It needs a bit of cleanup and testing (specifically the section for checking max file size) and probably setting it to run every half second instead of every second, but hopefully this can help in getting you on the right track.

Disclaimer: 
I come from a linux background and am new to FreeBSD. I have seen that FreeBSD contains more system monitoring tools than linux, and such a tool might already exist.


----------



## redw0lfx (Aug 11, 2011)

Hate to post twice concurrently, but just realized sockstat will probably just give you 'php' for the command that is connecting to that port, and not the script's name.
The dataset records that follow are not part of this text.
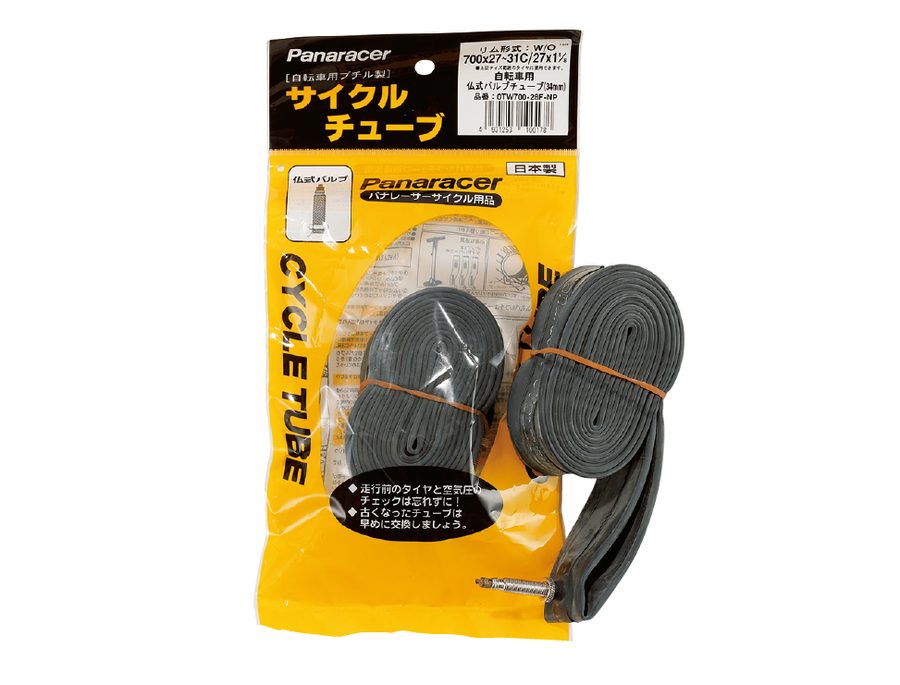 各サイズがそろい、国産の品質で安心感も高いのがパナレーサーのスタンダードチューブ。黄色い袋が目印。バルブ長に注意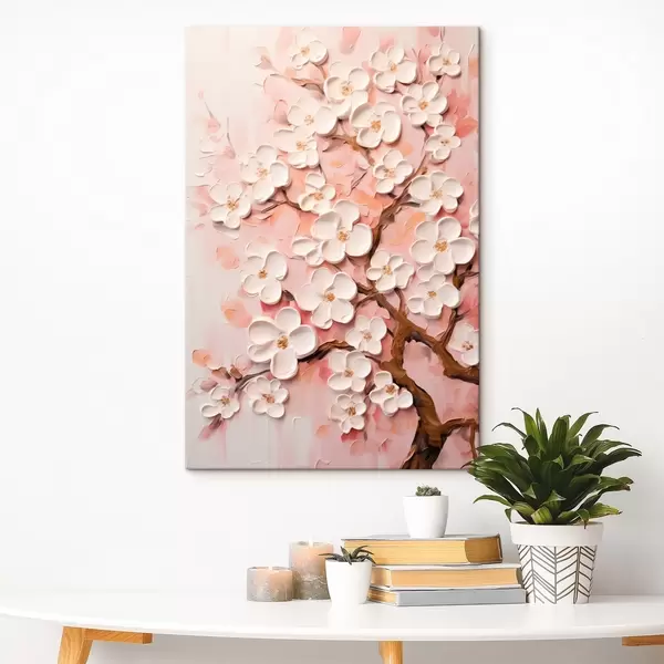 Wandbilder Blühender Zweig: Reliefkomposition in hellen Rosatönen s45543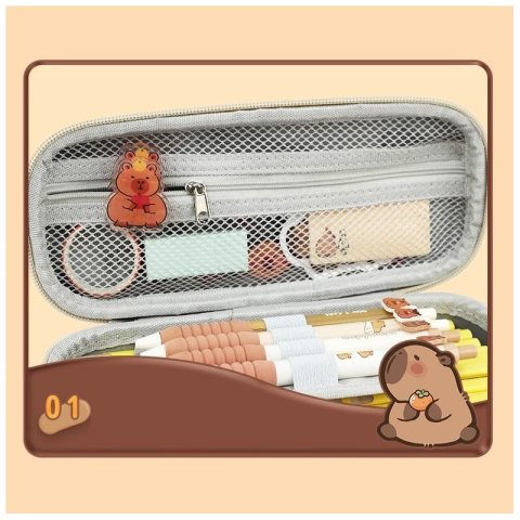 DUŻY PIÓRNIK WIELOFUNKCYJNY JEDNOKOMOROWY Pojemny, wielofunkcyjny jednokomorowy piórnik. Wykonany z wysokiej jakości materiałów. Ergonomiczne wykorzystanie przestrzeni. Specyfikacje: Kolor: brązowy Wymiary: 23 cm x 10 cm x 4cm Waga: 127g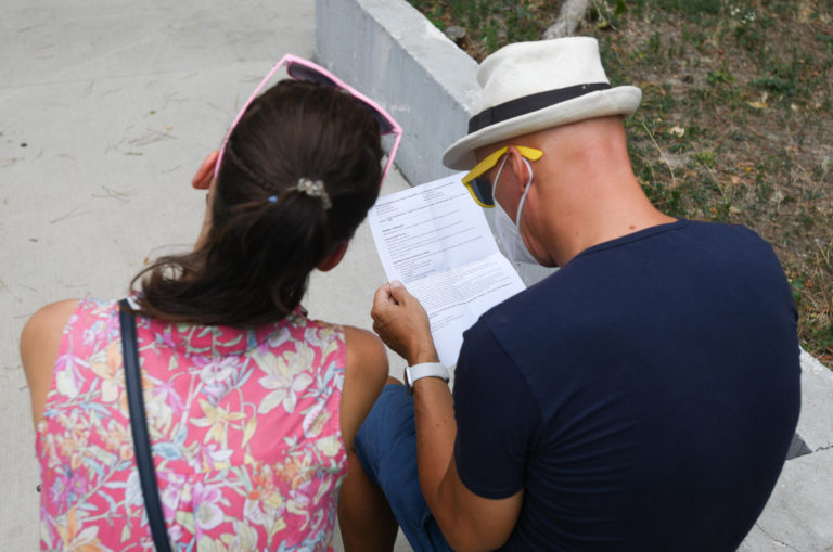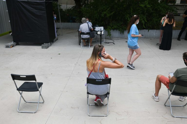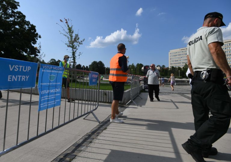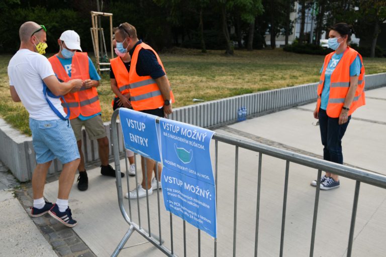 Atmosféra pri vstupe na verejnú manifestáciu s názvom Za očkované Slovensko, ktorú organizuje mimoparlamentná strana Progresívne Slovensko (PS) na Námestí slobody v Bratislave. Bratislava, 30. júl 2021. Foto: SITA/Martin Medňanský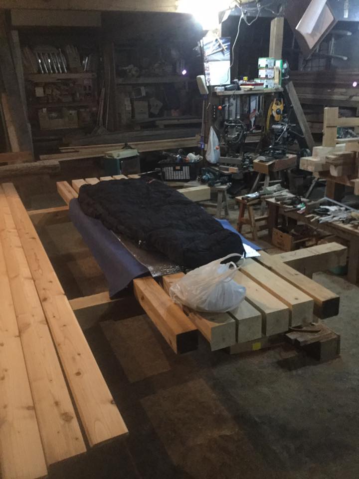 住人一人の消滅集落にてヒノキの角材ベット 2024 7/05 田舎暮らしの生活 2017/11/032024/07/05 今日は人里離れた真っ暗闇の山奥の ヒノキの角材(を並べただけの)ベットで、おやすみなさい。 呑んだくれてベロンベロンなので 寝返りして土間に落ちませんように。 おやすみなさい。 えんがわ商店の「おためしコンサルプラン」はコチラ!DIYオンラインコミュニティ「えんがわラボ」入会相談はコチラ! 田舎暮らしの生活 上田市 別所温泉 角材ベット この記事が気に入ったら いいね または フォローしてね! Follow @engawashoten Follow Me よかったらシェアしてね! URLをコピーしました! 上田市で古民家のセルフリノベーションがスタート! 畳から信州カラマツの無垢のフローリングに張替えセルフリノベ 関連記事 細胞を入れ替え、日々生まれ変わる。 2024/05/20 自分で作る、というその気持ちの在り方そのものがセルフビルド。 2024/05/09 自分で作る、自分と暮らし。 2024/05/08 軽井沢風越学園「かぜうたげ」 2023/07/29 末端冷え性の僕は夏がベストサウナ。 2023/07/13 なにかと町田市に縁がアリマス。 2023/06/12 薪割りとセルフビルドは何よりも仲間が大事。 2023/04/23 軽井沢風越学園は学校をセルフビルドしてきた。 2023/03/21

Might need additional code to retrieve the process id using sockstat and awk, and then run procstat -c PID (replace PID with the process id from sockstat/awk) in order to get the actual script name that PHP is running.


----------



## Crivens (Aug 11, 2011)

Something like "tarpit" comes to mind here. That could slow the mail delivery of the spam down enough so that checking once in an hour is sufficient. Worth a try? (provided no legitimate user is affected)


----------



## OH (Aug 11, 2011)

Assuming that the users which supplies the mails is Apache and the users have each their own virtualhost, you can supply "-femailaddress" to exim in that virtualhost configuration. It will then show that adress in the mail sent and the Exim mainlog.

[cmd=]php_value mail.force_extra_parameters -femailaddress[/cmd]

Implementing this on a running production server might be a bit of a chore though.


----------